The symptoms of toxic epidermal necrolysis can be like other health conditions. Make
sure your child sees his or her healthcare provider for a diagnosis.
How is toxic epidermal necrolysis diagnosed in a child?
The healthcare provider will ask about your child’s symptoms and health history. He
or she may also ask what medicines your child has had recently. He or she will give
your child a physical exam. Your child may also have tests, such as:
- Skin biopsy. A tiny sample of skin is taken and checked under a microscope.
- Cultures. These are simple tests to check for infection. Cultures may be done of the blood,
skin, and mucous membranes.
How is toxic epidermal necrolysis treated in a child?
Treatment will depend on your child’s symptoms, age, and general health. It will also
depend on how severe the condition is. If a medicine is causing the skin reaction,
your child will stop taking it right away. The disease progresses fast, usually within
3 days. Your child will need to be treated in the hospital. He or she may be in the
burn unit of the hospital. This is because the treatment is similar to treating a
child with burns. Or your child may be treated in the intensive care unit (ICU). Treatment
- Isolation to prevent infection
- Protective bandages
- IV fluid and electrolytes
- IV immunoglobulin G, to prevent more immune system damage
- IV steroids
- Feeding by nasogastric tube, if needed
- Eye exam by an ophthalmologist and prompt eye care with cleaning of eyelids and daily
What are the possible complications of toxic epidermal necrolysis in a child?
Complications can include:
- Skin color changes
- Growth of many moles that don’t look normal (nevi)
- Abnormal growth of finger and toenails
- Loss of hair
- Scarring of the skin, from a moderate to severe infection
- Eye changes
- Oral changes include periodontal disease
- Lung damage
What can I do to prevent toxic epidermal necrolysis in my child?
There is no known way to prevent the condition. But a child who has had the disease
must stay away from all possible triggers. A future episode of the condition may be
fatal. Your child needs to stay away from not only the medicine that triggered the
disease, but medicines in the same class. Talk with your child’s healthcare provider
about which medicines your child needs to stay away from.
When should I call my child's healthcare provider?
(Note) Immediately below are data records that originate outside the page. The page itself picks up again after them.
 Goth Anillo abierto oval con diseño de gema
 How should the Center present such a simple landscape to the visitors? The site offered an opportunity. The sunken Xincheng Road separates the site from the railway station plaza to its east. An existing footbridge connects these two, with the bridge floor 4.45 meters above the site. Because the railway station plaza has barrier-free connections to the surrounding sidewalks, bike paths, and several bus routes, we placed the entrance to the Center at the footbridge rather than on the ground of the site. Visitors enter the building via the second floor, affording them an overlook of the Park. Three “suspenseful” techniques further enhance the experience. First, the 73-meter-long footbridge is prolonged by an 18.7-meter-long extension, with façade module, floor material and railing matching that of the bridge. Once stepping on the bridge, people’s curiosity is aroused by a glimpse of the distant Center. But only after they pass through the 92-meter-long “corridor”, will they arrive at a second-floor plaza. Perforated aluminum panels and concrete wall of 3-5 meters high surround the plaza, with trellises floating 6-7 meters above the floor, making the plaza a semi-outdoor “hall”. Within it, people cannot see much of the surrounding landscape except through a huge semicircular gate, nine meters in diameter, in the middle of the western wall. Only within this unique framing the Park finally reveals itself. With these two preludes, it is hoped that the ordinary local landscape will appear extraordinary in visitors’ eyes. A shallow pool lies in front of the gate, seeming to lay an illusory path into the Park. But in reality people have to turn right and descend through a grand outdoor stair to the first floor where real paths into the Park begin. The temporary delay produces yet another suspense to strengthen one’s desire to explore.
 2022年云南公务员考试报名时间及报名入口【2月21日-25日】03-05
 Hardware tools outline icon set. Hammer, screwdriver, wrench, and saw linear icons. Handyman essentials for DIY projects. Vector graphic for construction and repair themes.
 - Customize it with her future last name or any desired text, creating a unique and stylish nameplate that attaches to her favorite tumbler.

Get medical care right away if your child has any skin problems after taking a new
Key points about toxic epidermal necrolysis in children
- Toxic epidermal necrolysis is a life-threatening skin disorder that causes blistering
and peeling of the skin.
- It is most often triggered within the first 8 weeks of using a new medicine.
- A high fever and flu-like symptoms usually occur first. Then skin changes occur. These
include painful redness, peeling and raw areas of skin.
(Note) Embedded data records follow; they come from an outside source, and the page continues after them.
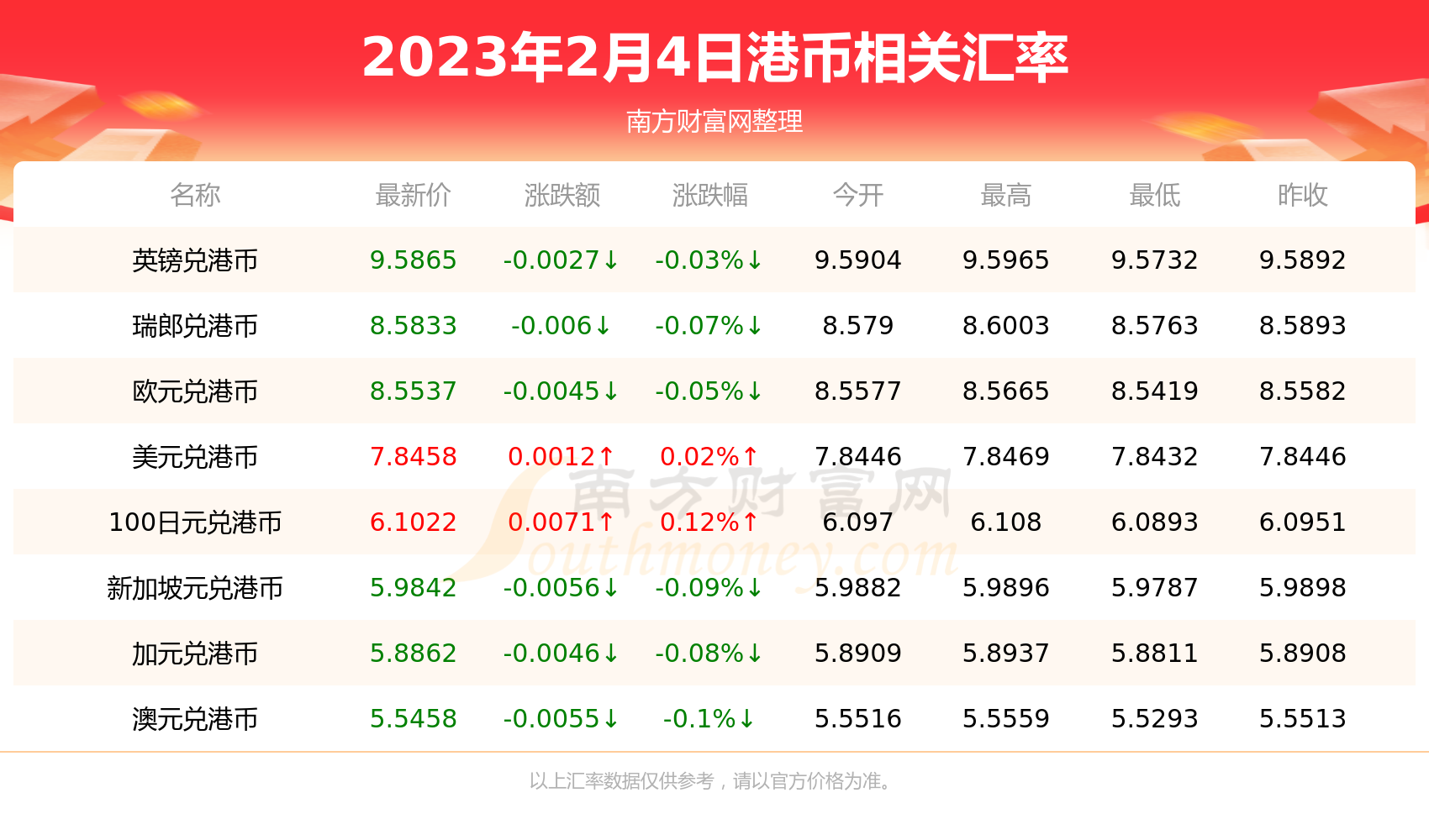 (币安app下载汇率频道)以上是币安app下载小编为大家带来的最新港元对人民币汇率,更多财经资讯,理财百科欢迎关注本站。最后提醒大家投资有风险,入市须谨慎。本文内容由互联网用户自发贡献,该文观点仅代表作者本人。本站仅提供信息存储空间服务,不拥有所有权,不承担相关法律责任。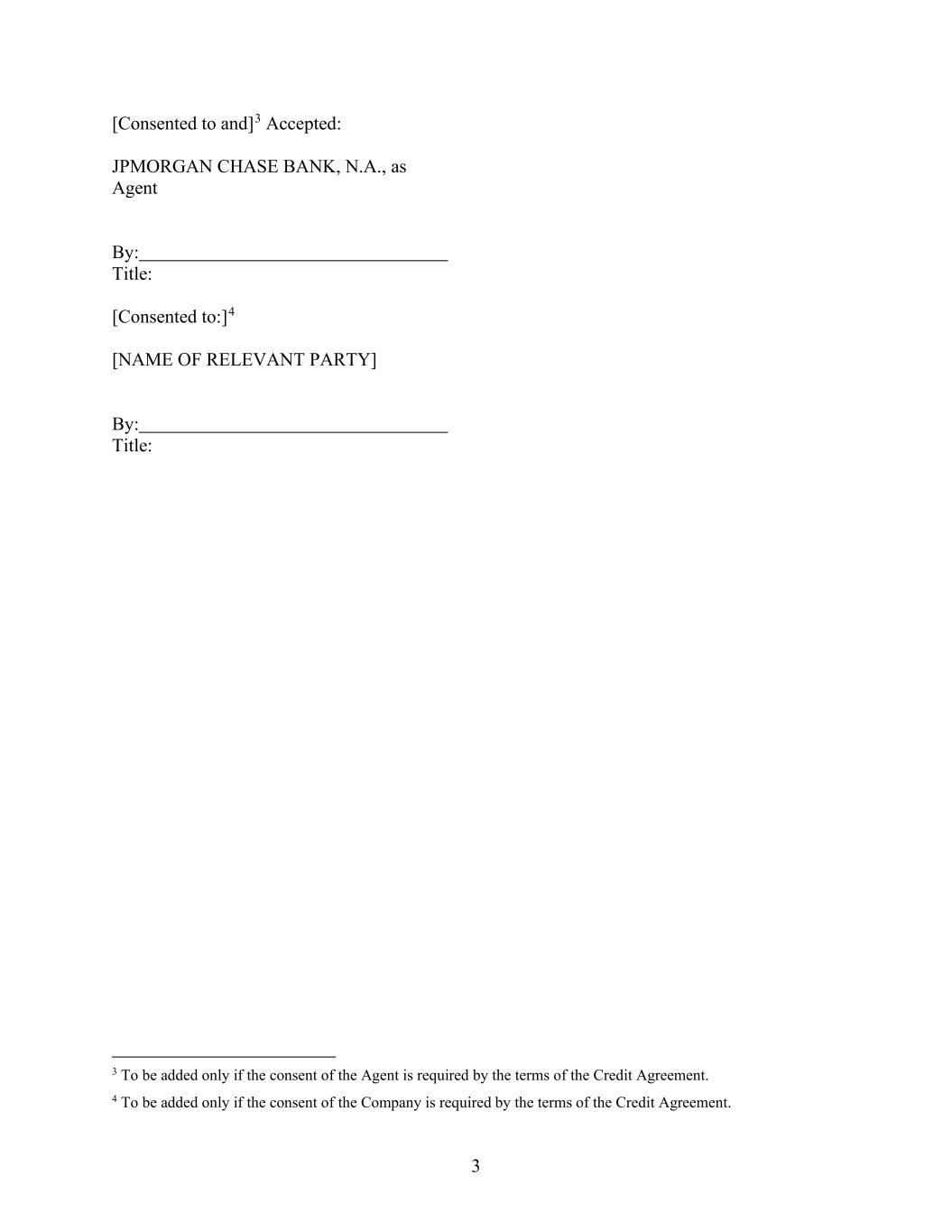 3 [Consented to and]3 Accepted: JPMORGAN CHASE BANK, N.A., as Agent By: Title: [Consented to:]4 [NAME OF RELEVANT PARTY] By: Title: 3 To be added only if the consent of the Agent is required by the terms of the Credit Agreement. 4 To be added only if the consent of the Company is required by the terms of the Credit Agreement.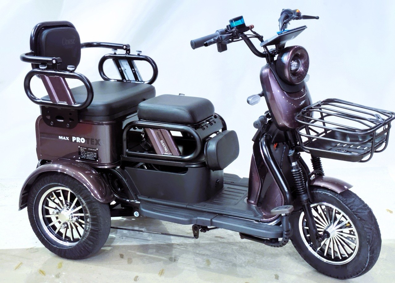 Трицикл Corso «PROTEX MAX» PX-186925, двигун 1200W, акумулятор 72V 28Ah графеновий, коричневий + 1 ящик. акум, колеса 10"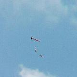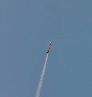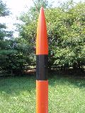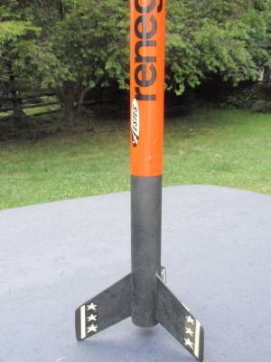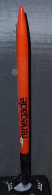 The Renegade: It is a very old model built in the 1970s by my brother. The Renegade is a classic '70s kit. Not at all like the modern Renegade; this is your father's Renegade. This is a large, tall, D-powered model, finished in the original catalog paint scheme. Build credits for this kit actually go to my brother. I modified it by adding my usual altimeter payload bay ("Iris"). This adds 4-1/2 inches to the rocket's length and 17 grams of nose-weight. I also replaced the Estes plastic parachute with a better nylon cloth parachute, and use a Nomex cloth instead of wadding. After an Iris test flight with a D12-5, I’m going to load this baby up with a Aerotech E20-7W engine and push the boundaries of rocket power (for me, anyways). This model reaches about 500' on a D12-5, but on an E20, I would expect at least 1000'. (Iris is named after the Greek god of the rainbow. She is a messenger of the gods, linking the gods with humanity.) This rocket has flown higher than William Penn on top of the Philadelphia City Hall building, NASA's VAB building at Cape Kennedy, or the Cologne Cathedral in Germany.
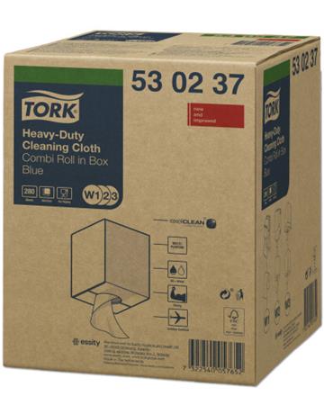 Tork Heavy-Duty viacúčelová čistiaca utierka je vysoko absorpčná, hrubá a veľmi odolná, pričom vydrží silné utieranie bez toho, aby sa rozpadla. Možno ju použiť s väčšinou rozpúšťadiel, pričom rýchlo a účinne odstraňuje olej, mastnotu, vodu a odolné škvrny, zároveň chráni ruky pred vysokou teplotou a poškriabaním o kovové predmety. Túto utierku možno použiť v Tork stojanových zásobníkoch na podlahu či na stenu, ktoré sú vyvinuté na bezpečnosť a účinnosť, prípadne v Tork maxi zásobníkoch so stredovým odvíjaním alebo zásobníkoch na kombi kotúč v boxe, ktoré sú vyvinuté na dávkovanie jednou rukou.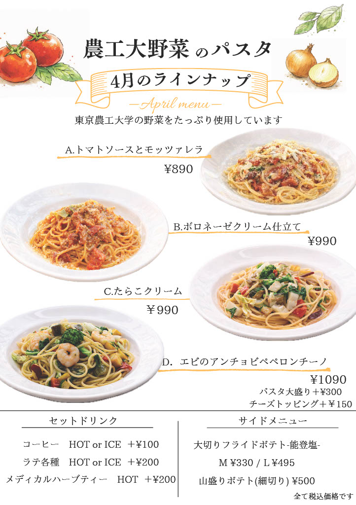 春野菜たっぷりのパスタや、心とからだに染みる美味しいドリンクなどを、ぜひお楽しみください!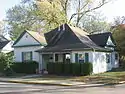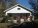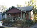 The neighborhood that resulted from Steele's subdivision consists almost entirely of single-story houses, most of which were built in a "Free Classic" style that resembles the Queen Anne style of architecture. Some of the houses in the neighborhood are older than the neighborhood itself, such as three different double-pen houses that were constructed during the nineteenth century.[2]: 15 Two of the houses are duplexes;[4] erected largely for speculative purposes, they were constructed in such a way that they resemble single-family houses. The form of architecture employed for these residences is known as the "T-plan" because of their floor plan that is shaped like that letter; they feature porches on both sides that are separated by a large gable with a pediment.[2]: 15

- If your child has a fever and skin changes after starting a new medicine, get medical
care right away.
Tips to help you get the most from a visit to your child’s healthcare provider:
- Know the reason for the visit and what you want to happen.
- Before your visit, write down questions you want answered.
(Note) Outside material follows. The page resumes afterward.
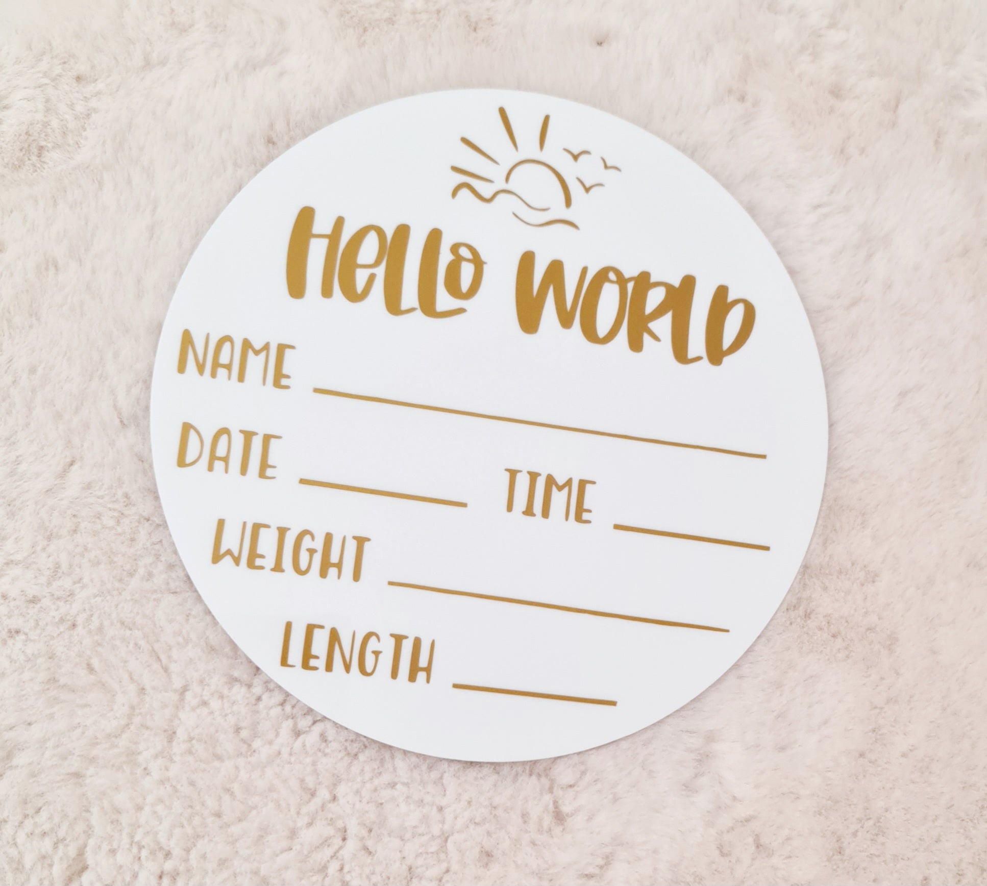 Introduce your new bundle of joy with our "Hello world" baby announcement plaque. This beautiful keepsake is the perfect way to share your exciting news with family and friends. Celebrate your growing family with this special addition to your home.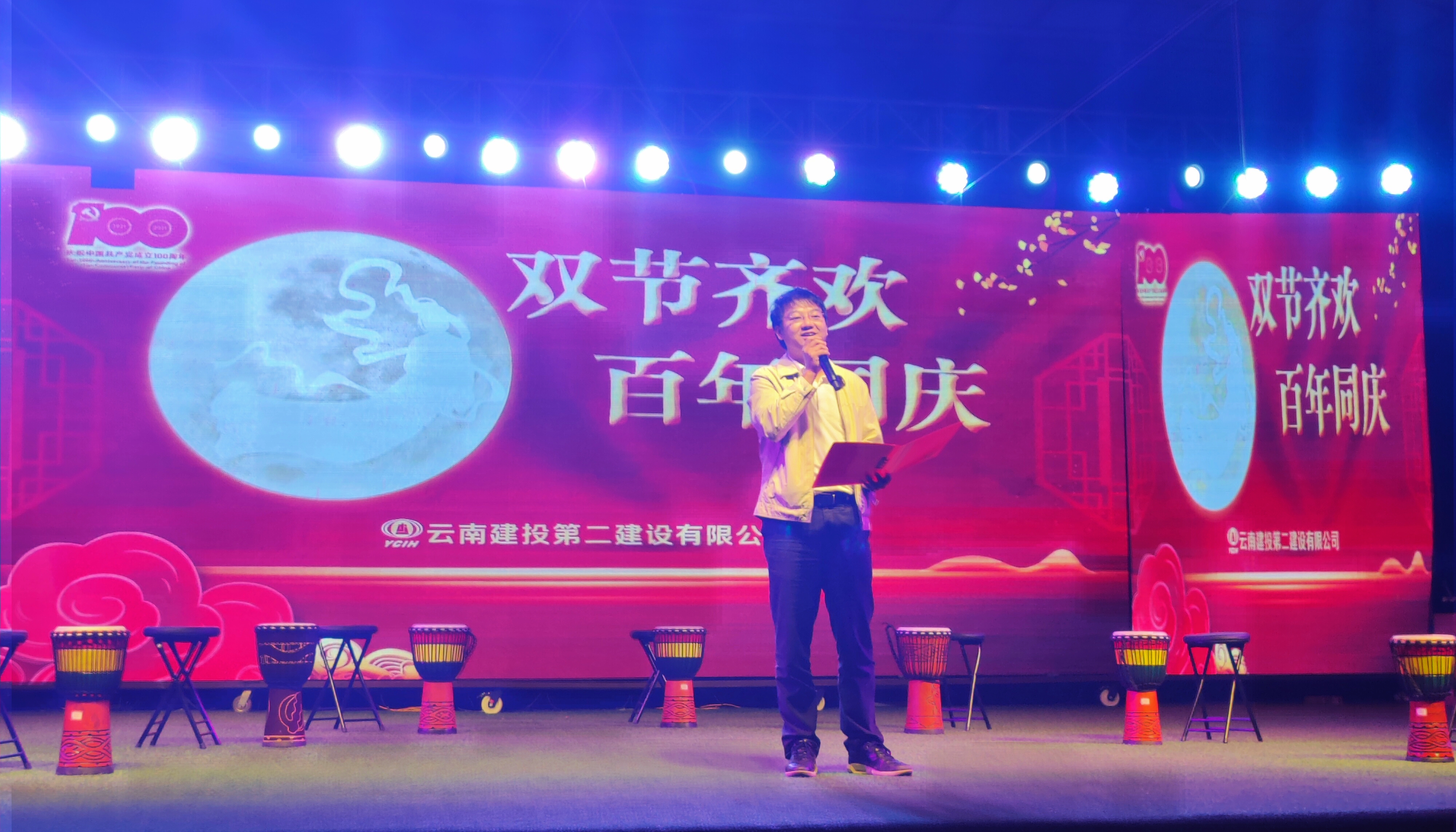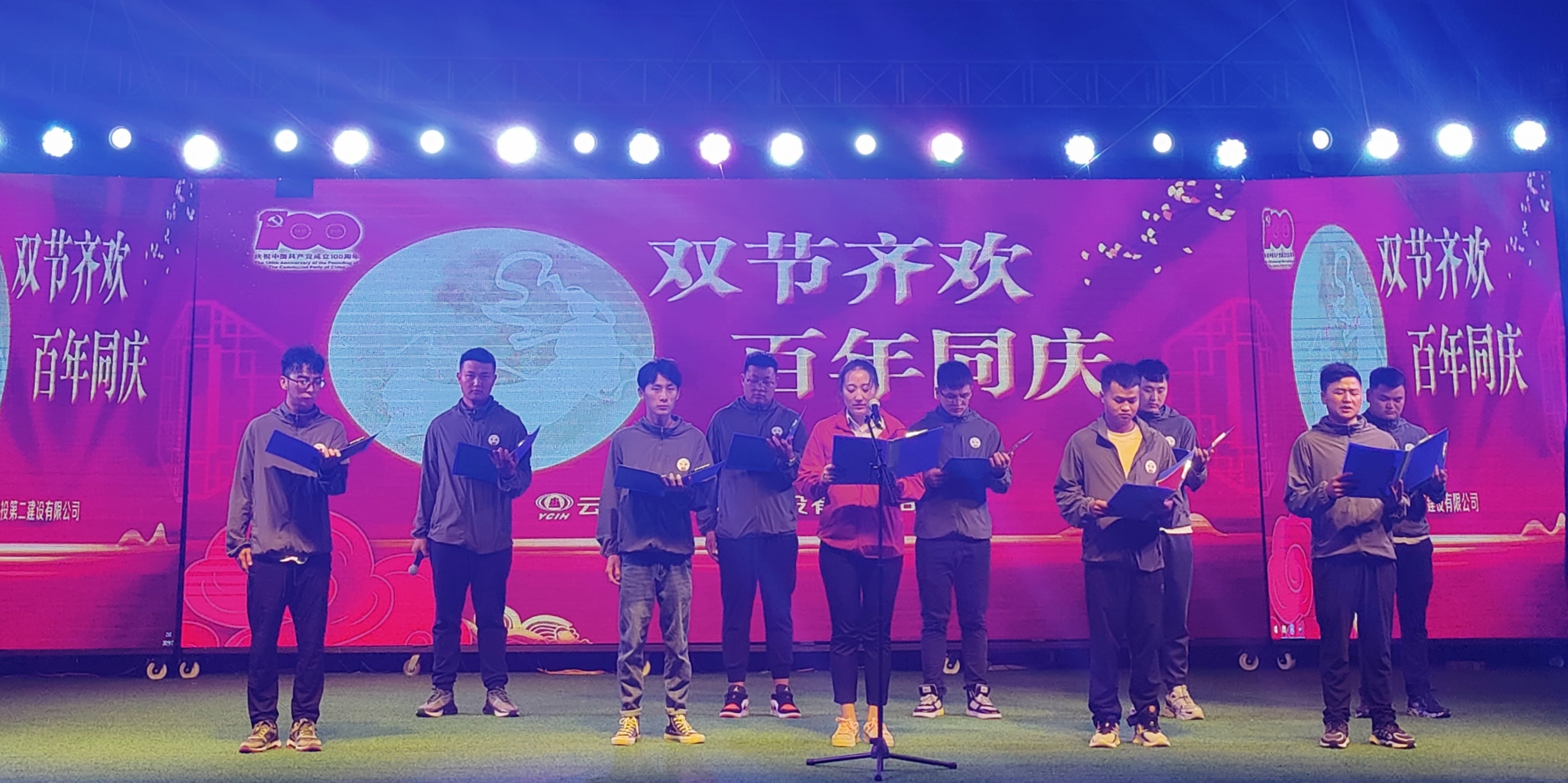 晚会上,慰问组成员为大家带来了精彩的舞蹈与弹唱节目,大理片区的各参建单位也献上各自的才艺表演,包含了开场舞《全民健身操》、歌曲《七月火把节》、琵琶弹唱《青花瓷》、诗朗诵《初心不改、继往开来》等节目,现场营造出了欢乐、昂扬、奋进向上的氛围。

- At the visit, write down the name of a new diagnosis, and any new medicines, treatments,
or tests. Also write down any new instructions your provider gives you for your child.
- Know why a new medicine or treatment is prescribed and how it will help your child.
Also know what the side effects are.
- Ask if your child’s condition can be treated in other ways.
- Know why a test or procedure is recommended and what the results could mean.
- Know what to expect if your child does not take the medicine or have the test or procedure.
- If your child has a follow-up appointment, write down the date, time, and purpose
for that visit.
- Know how you can contact your child’s provider after office hours. This is important
if your child becomes ill and you have questions or need advice.